Les platanes
A chaque fois que des plans sont élaborés pour le réaménagement d’une avenue, d’une place ou d’une rue importante, les arbres existants deviennent soudainement malades. La récurrence de ce genre d’argument le rend plus que douteux. Nous tenterons de dresser ci-dessous l’inventaire des arguments valides pour l’abattage des platanes, puis d’évaluer si la balance penche en faveur ou non de cet abattage.
Malades
“Suite à une étude menée par un bureau spécialisé, il semble que pas mal d’arbres se trouvent en mauvaise santé. Lorsque plus de 60% des arbres semblent devoir être remplacés, le processus de rénovation est enclenché.” dixit la ministre Brigitte Grouwels.
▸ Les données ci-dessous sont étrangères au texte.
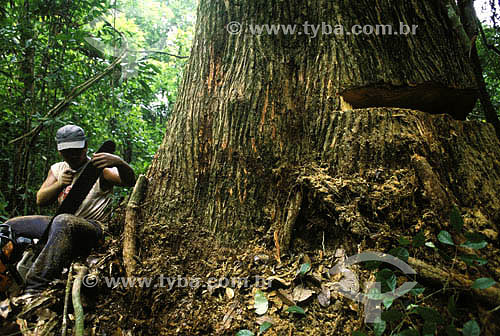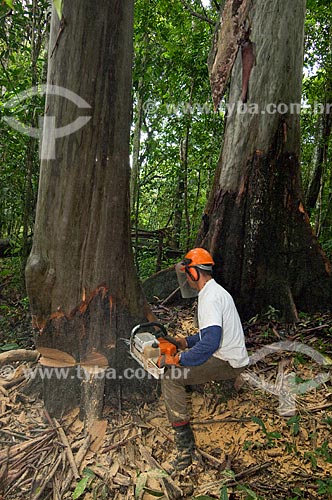 •  Man cutting the Chestnut Tree with a electric saw - deforestation - Amazonian - Brazil

L’étude phytosanitaire du bureau ARBORIS ne mentionne que “24 éléments affaiblis ou dangereux”, dont 11 ont déjà été supprimés en 2005. Ce qui fait bien moins de 10% du total des arbres. Le cabinet de la ministre persiste sur le nombre de 150 arbres malades : mais où sont donc les études qui attestent de cela ? Tant que la ministre n’aura pas fourni des informations probantes, nous considérerons ses affirmations comme des MENSONGES.
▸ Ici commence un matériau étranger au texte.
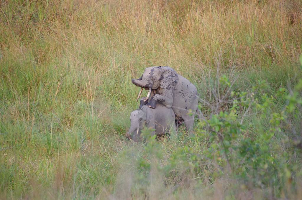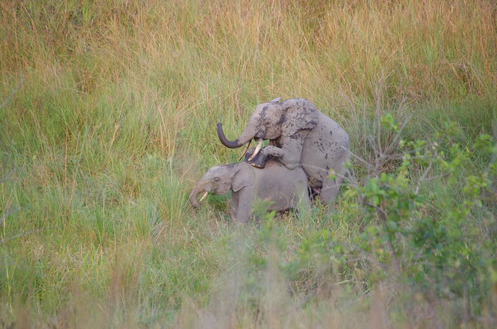 Nach einer guten Stunde wurde die Familie gefunden ( 3 Fährtenleser gehen Stunden vorher los und suchen) und wir sollten den Sumpf in der Inselmitte an seiner schmalsten Stelle queren.

Il vous est possible de consulter une partie de l’étude phytosanitaire en téléchargeant ce document pdf (3,7MB). Notons que le cabinet du ministère de la mobilité refuse de publier l’intégralité de l’étude.
“La pollution atmosphérique urbaine, la pauvreté du sol et les nombreuses blessures causées par les élagages à répétition et les collisions de camions réduisent leur espérance de vie.” mentionne la demande de permis de construire. Toutefois, le platane est un arbre que l’on plante volontiers en ville en vertu justement de sa résistance face à la pollution de l’air. Le platane est de surcroît endurant à un sol sec et pauvre : c’est d’ailleurs l’une des raisons qui incitent les autorités du Sud de la France à répandre cette essence particulière dans leur région. Les platanes sont également présents dans d’autres coins de Bruxelles où ils subissent les élagages excessifs de l’Administration de l’Équipement et des Déplacements (Bruxelles Mobilité) : leur très grande robustesse est avérée, ce qui n’empêche que les services de Bruxelles Mobilité pourraient s’occuper avec plus de précaution des arbres dont ils ont la responsabilité…
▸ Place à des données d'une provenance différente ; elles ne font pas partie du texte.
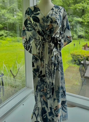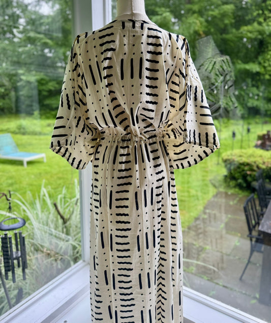 Hand Block Print Cotton Kaftan | Midnight Brush (Cream)

La ministre est donc apparemment soucieuse de la santé des arbres, mais l’est-elle aussi de la santé et du bien-être des riverains et de ceux qui travaillent dans les environs ? Pour les riverains, ces arbres constituent un poumon vert dans ce qui est l’un des quartiers les plus pollués de la Région bruxelloise. Leur feuillage exceptionnel de par son ampleur protège les alentours de la poussière et du sable fin produits par les différentes industries et fabriques de béton situées le long du canal.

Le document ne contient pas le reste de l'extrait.